Com franqueza: alguém no seu perfeito juízo põe em causa a legitimidade de uma geringonça de direita nos Açores? A Constituição é clara, os governos não são eleitos, e o que aconteceu ao nível nacional à esquerda – que o PSD dizia ser ilegítimo – é evidentemente passível de acontecer à direita.
Acontece que a democracia vive para além da legitimidade formal.
Rui Rio anda exaltado a defender a sua aliança regional com um partido racista e xenófobo, totalmente exterior ao pacto civilizacional/constitucional que nos une, um partido que assume o objetivo de destruir esta república, tentando fazer uma simetria entre tamanha abjeção e os acordos entre PS e PCP/BE.
Rio, assim, descansa a sua postura de Pilatos na pobreza da legitimidade formal: “O CHEGA é um partido, eles fizeram com os outros, logo eu também posso.”
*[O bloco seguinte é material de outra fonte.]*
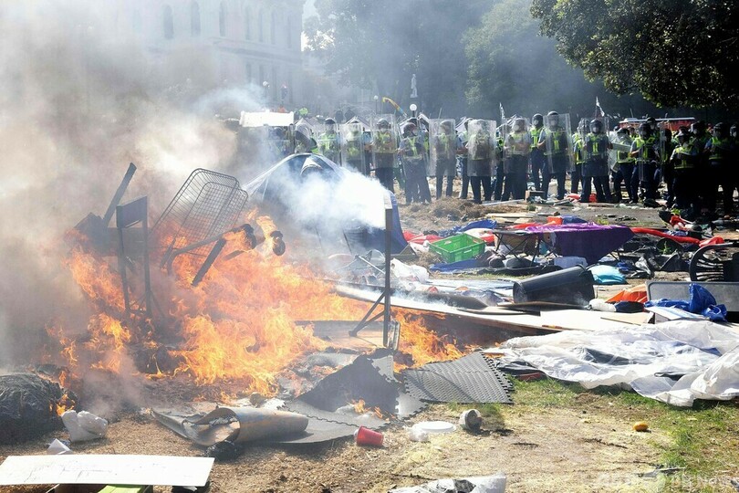 NZ、反コロナ規制の座り込み強制排除 テント燃やし抵抗
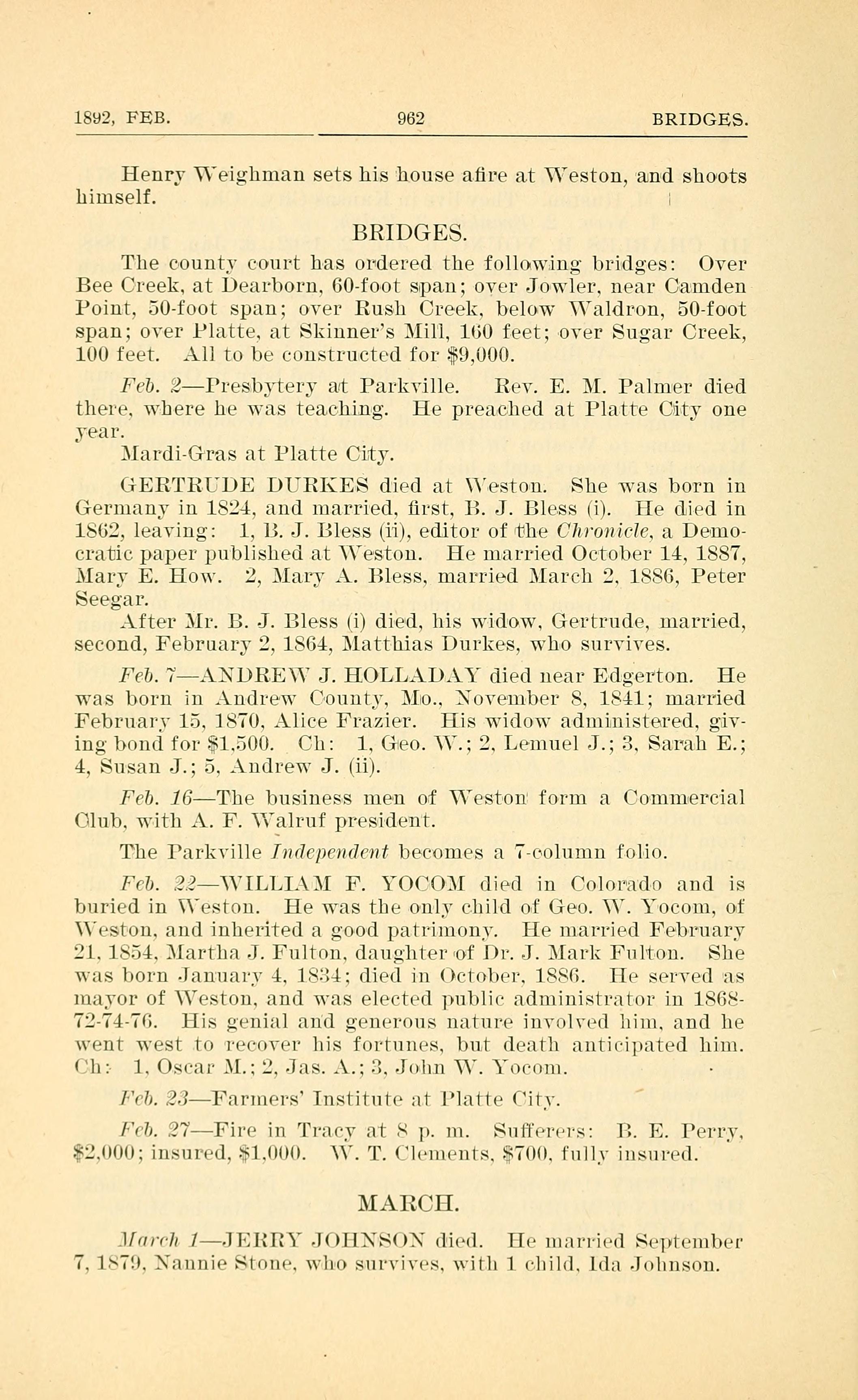 Feb. 7 - ANDREW J. HOLLADAY died near Edgerton. He was born in Andrew County, Mo., November 8, 1841; married February 15, 1870, Alice Frazier. His widow administered, giving bond for $1,500. Children: 1. George W. Holladay, 2. Lemuel J. Holladay, 3. Sarah E. Holladay, 4. Susan J. Holladay, 5. Andrew J. Holladay (ii).

Os outros, o PCP e o BE, vistos assim numa simetria absurda, estão totalmente integrados na nossa democracia constitucional, não se lhes conhecendo um único projeto de lei ou passagem de programas de governo não conformes à lei fundamental, sendo risível apontar a qualquer um destes partidos, desde a estabilização da democracia, um único momento de rutura com a república.
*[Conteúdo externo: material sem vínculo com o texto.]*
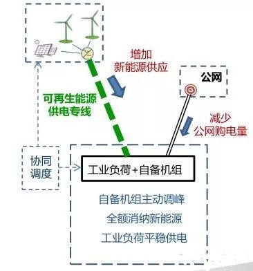建设至工业园区的新能源输电专线,直接增加大工业用户的可再生能源电力供应,利用自备电厂调峰全额消纳新能源。
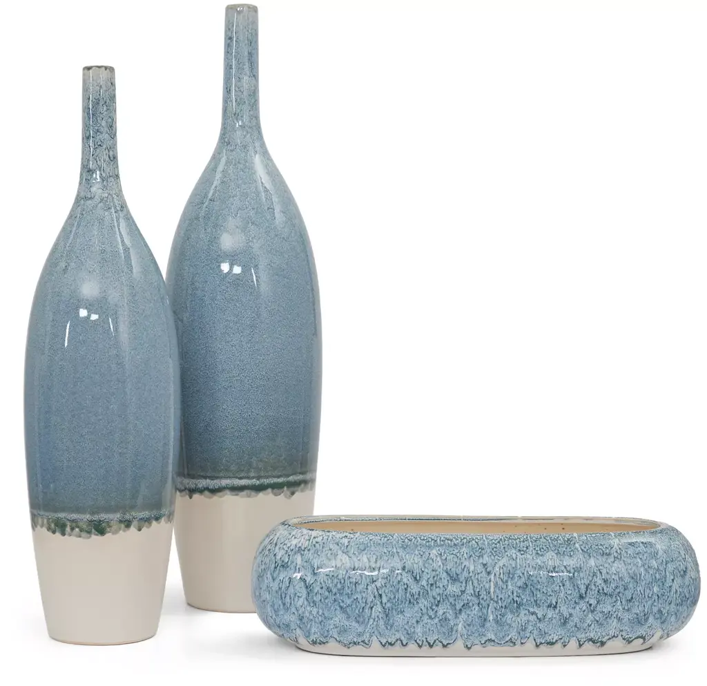 Embrace simplicity and serenity with our handcrafted Maia vase. This exquisite piece is expertly crafted with ceramic and features a blue reactive glaze finish, ensuring each vase is unique and full of character. This piece is available in either a 26 or 30-inch height. Please select your size before adding to cart.
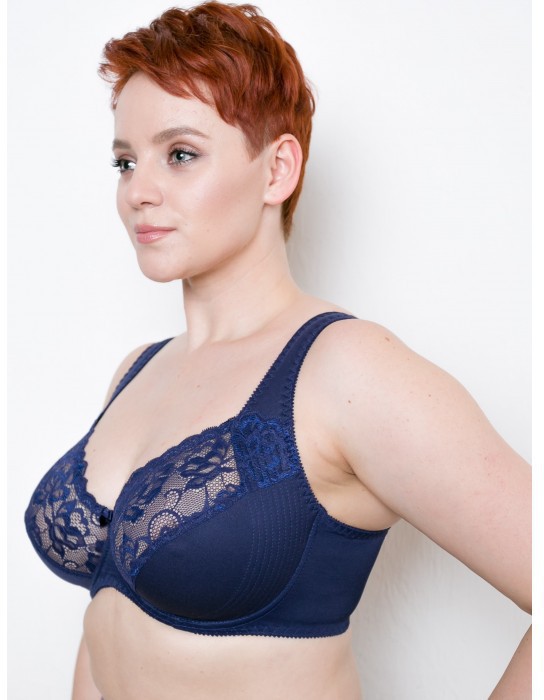 Бюстгальтер выполнен из трикотажного полотна, на каркасе, чашка полупоролон, верх чашки отделан эластичным кружевом. Дополнительная боковая прошивка на чашке обеспечивает превосходный корректирующий эффект. Широкая бретель продублирована мягким хлопком для дополнительного комфорта. Модель отлично корректирует и поддерживает грудь.

O CHEGA, ao contrário, é a rutura com a república, representa a negação ativa da dignidade da pessoa humana, princípio primeiro da Constituição, renega direitos, liberdades e garantias de direitos humanos aprovados com os votos favoráveis, precisamente, do PSD e do PCP.
A pobreza da legitimidade formal tem um lado muito pouco corajoso, esse de fingir que é tudo a mesma coisa, como se Rui Rio não soubesse da História, como se o PSD não soubesse da gente fascista do século XX, cheia de legitimidade formal, como se o líder do PSD não soubesse de onde vem, atualmente, o perigo para as democracias liberais.
Pior: o PSD sabe que o problema maior não é o CHEGA, mas o que está para além desse ensaio crescente de extrema-direita racista e xenófoba, essa multidão invisível, por enquanto, que pulula por outros cantos, ainda sem forma, à espera de uma oportunidade.
Essa que Rui Rio está a ajudar a construir agora.
Essa, a de dar cabo da democracia à conta de um argumento formal.
Pelo caminho, perde-se também o PSD.